Öte yandan Romanya'da aşırı milliyetçi George Simeon, ülkenin bu hafta sonu yapılacak cumhurbaşkanlığı ikinci tur seçimlerinde önde gelen adaylardan biri. Simeon, Trump'ın ’Amerika’yı Yeniden Büyük Yap’ hareketini desteklediğini ifade etti.
Ekvadorlu siyasi analist Caroline Avila'ya göre bu ay yeniden seçimleri kazanan Devlet Başkanı Daniel Noboa, Trump ile dostane görünen ilişkisi nedeniyle oyların çoğunluğunu almış olabilir.

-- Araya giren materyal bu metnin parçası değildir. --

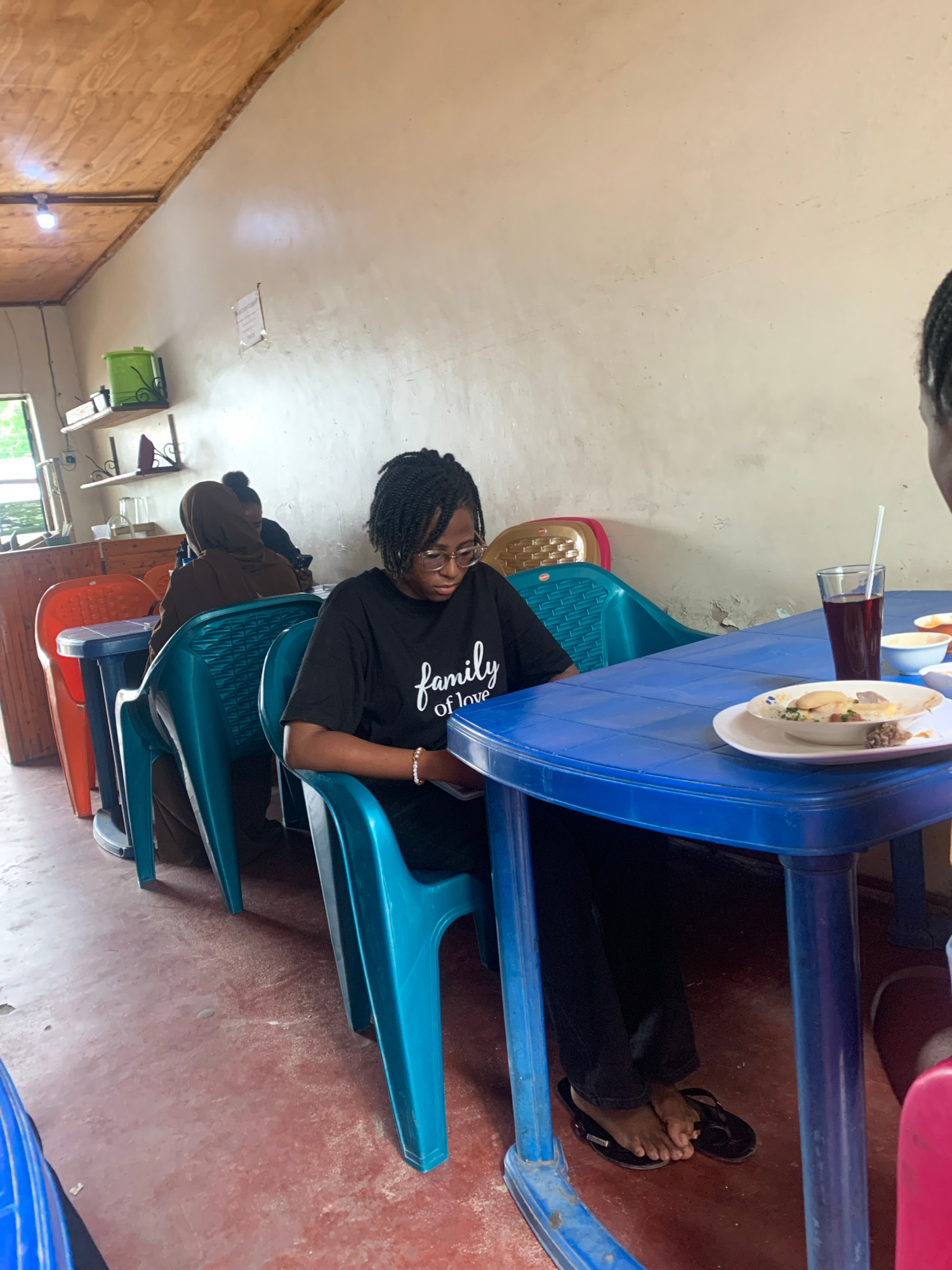 The scene appears to be inside a casual dining establishment in Dar es-Salaam, Tanzania. A young woman with braided hair is seated at a blue plastic table, wearing glasses, a black t-shirt with "Famil…read more

Dünya genelinde yaklaşan başka seçimler de var. Örneğin Güney Kore haziran ayında bir başkan seçecek. Japonya'nın temmuz ayında meclis seçimlerini yapması bekleniyor. Her iki ülke de ABD'nin önde gelen müttefikleri ve politikaları Trump'ın gümrük vergilerinden etkilenebilir.